### [Provided records]

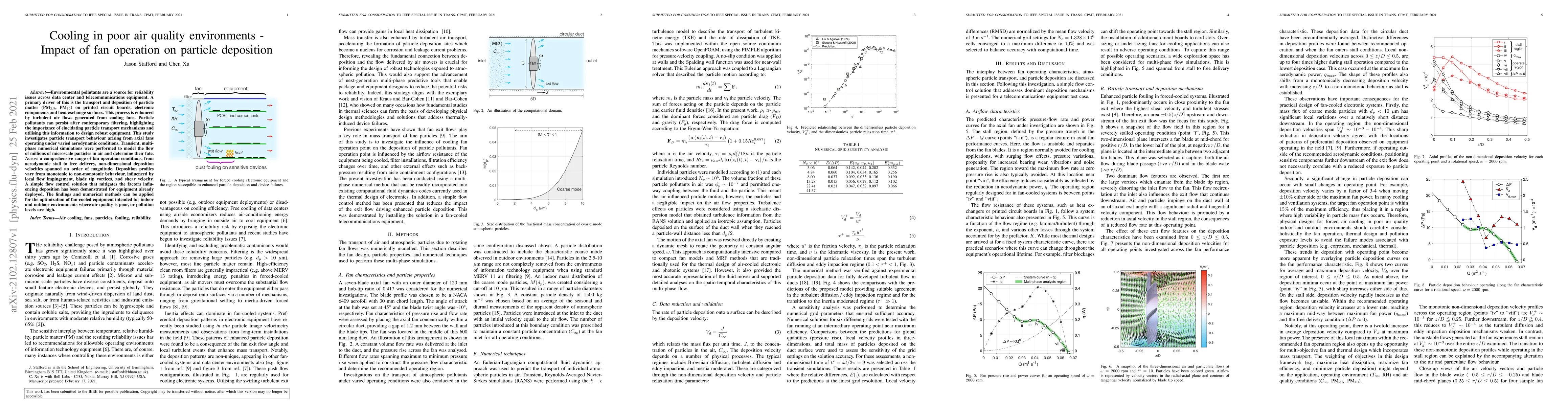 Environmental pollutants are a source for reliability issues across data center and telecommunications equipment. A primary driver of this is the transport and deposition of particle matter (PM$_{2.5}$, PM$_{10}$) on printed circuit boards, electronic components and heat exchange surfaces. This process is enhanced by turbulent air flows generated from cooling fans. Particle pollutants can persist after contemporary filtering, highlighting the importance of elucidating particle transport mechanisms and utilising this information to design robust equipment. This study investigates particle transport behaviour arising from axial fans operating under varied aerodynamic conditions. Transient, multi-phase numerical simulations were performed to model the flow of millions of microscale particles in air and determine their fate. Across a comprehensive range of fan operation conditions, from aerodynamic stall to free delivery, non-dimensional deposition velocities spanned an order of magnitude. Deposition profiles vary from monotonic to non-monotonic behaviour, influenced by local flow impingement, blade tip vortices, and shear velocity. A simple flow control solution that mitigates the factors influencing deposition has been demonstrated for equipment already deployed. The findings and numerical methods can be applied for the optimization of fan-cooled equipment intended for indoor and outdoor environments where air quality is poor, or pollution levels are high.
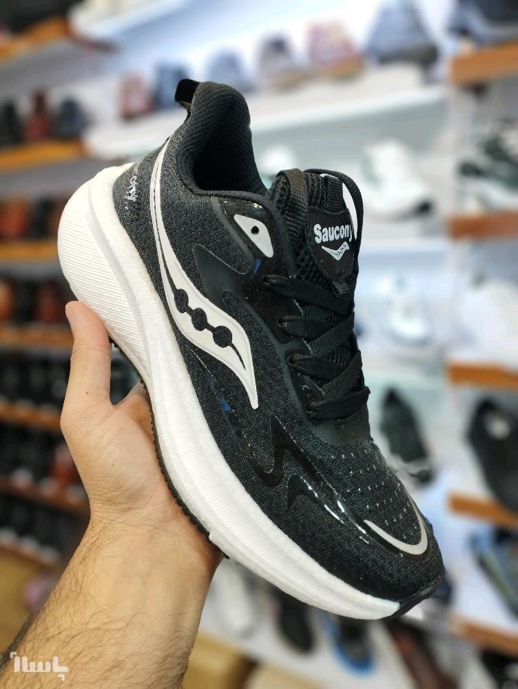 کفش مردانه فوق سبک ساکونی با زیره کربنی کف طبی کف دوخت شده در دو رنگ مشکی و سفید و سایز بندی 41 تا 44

---

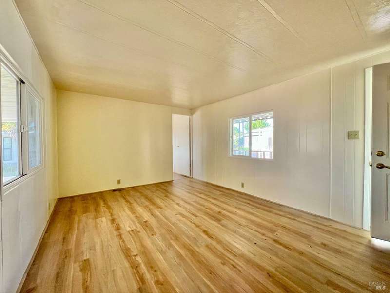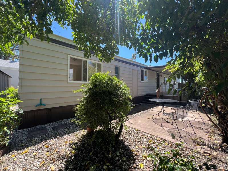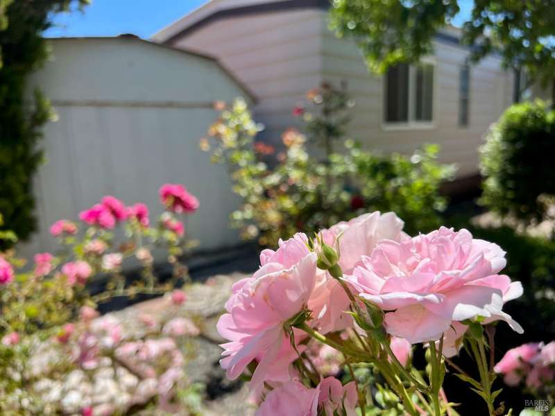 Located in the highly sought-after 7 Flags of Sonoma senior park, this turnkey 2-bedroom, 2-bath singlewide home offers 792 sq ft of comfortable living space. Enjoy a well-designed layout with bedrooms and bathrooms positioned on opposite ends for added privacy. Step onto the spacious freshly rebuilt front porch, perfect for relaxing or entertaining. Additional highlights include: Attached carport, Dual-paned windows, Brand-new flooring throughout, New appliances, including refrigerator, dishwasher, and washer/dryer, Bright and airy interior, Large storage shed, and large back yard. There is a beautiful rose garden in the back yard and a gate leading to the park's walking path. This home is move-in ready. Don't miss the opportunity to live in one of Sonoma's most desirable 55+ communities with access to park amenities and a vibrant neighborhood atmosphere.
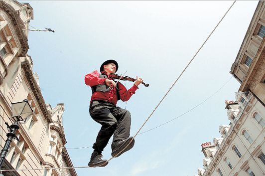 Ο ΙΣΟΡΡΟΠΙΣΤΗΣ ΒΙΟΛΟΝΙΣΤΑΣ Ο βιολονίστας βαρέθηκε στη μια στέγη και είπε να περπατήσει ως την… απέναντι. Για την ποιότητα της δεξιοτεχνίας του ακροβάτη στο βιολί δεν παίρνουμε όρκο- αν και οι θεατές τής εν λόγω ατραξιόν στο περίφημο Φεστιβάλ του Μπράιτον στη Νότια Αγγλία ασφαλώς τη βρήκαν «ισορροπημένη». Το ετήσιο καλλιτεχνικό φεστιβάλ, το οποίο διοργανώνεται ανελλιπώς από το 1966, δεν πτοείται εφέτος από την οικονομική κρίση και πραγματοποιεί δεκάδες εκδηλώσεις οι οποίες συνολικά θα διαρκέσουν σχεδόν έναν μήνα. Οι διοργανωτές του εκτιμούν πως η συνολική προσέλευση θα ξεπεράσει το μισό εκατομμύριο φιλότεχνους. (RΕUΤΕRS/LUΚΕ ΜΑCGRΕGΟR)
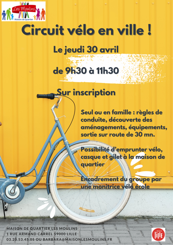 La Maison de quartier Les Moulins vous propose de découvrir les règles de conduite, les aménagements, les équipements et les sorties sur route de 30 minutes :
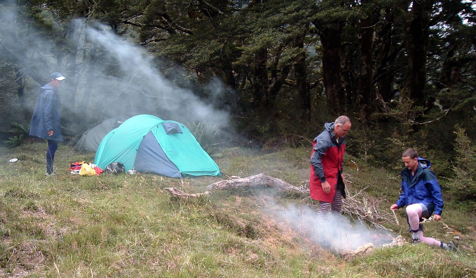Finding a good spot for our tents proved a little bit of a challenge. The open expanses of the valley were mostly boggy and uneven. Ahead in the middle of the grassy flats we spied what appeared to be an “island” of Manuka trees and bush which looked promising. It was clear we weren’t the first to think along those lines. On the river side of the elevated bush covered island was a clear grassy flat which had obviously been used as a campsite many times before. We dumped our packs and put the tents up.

### [Work task]
Copy exactly the lines of the entries above from the one containing "La Maison de" through the one containing "Finding a good". Both end lines count; pictures do not.

### [Exercise output]
 La Maison de quartier Les Moulins vous propose de découvrir les règles de conduite, les aménagements, les équipements et les sorties sur route de 30 minutes :
Finding a good spot for our tents proved a little bit of a challenge. The open expanses of the valley were mostly boggy and uneven. Ahead in the middle of the grassy flats we spied what appeared to be an “island” of Manuka trees and bush which looked promising. It was clear we weren’t the first to think along those lines. On the river side of the elevated bush covered island was a clear grassy flat which had obviously been used as a campsite many times before. We dumped our packs and put the tents up.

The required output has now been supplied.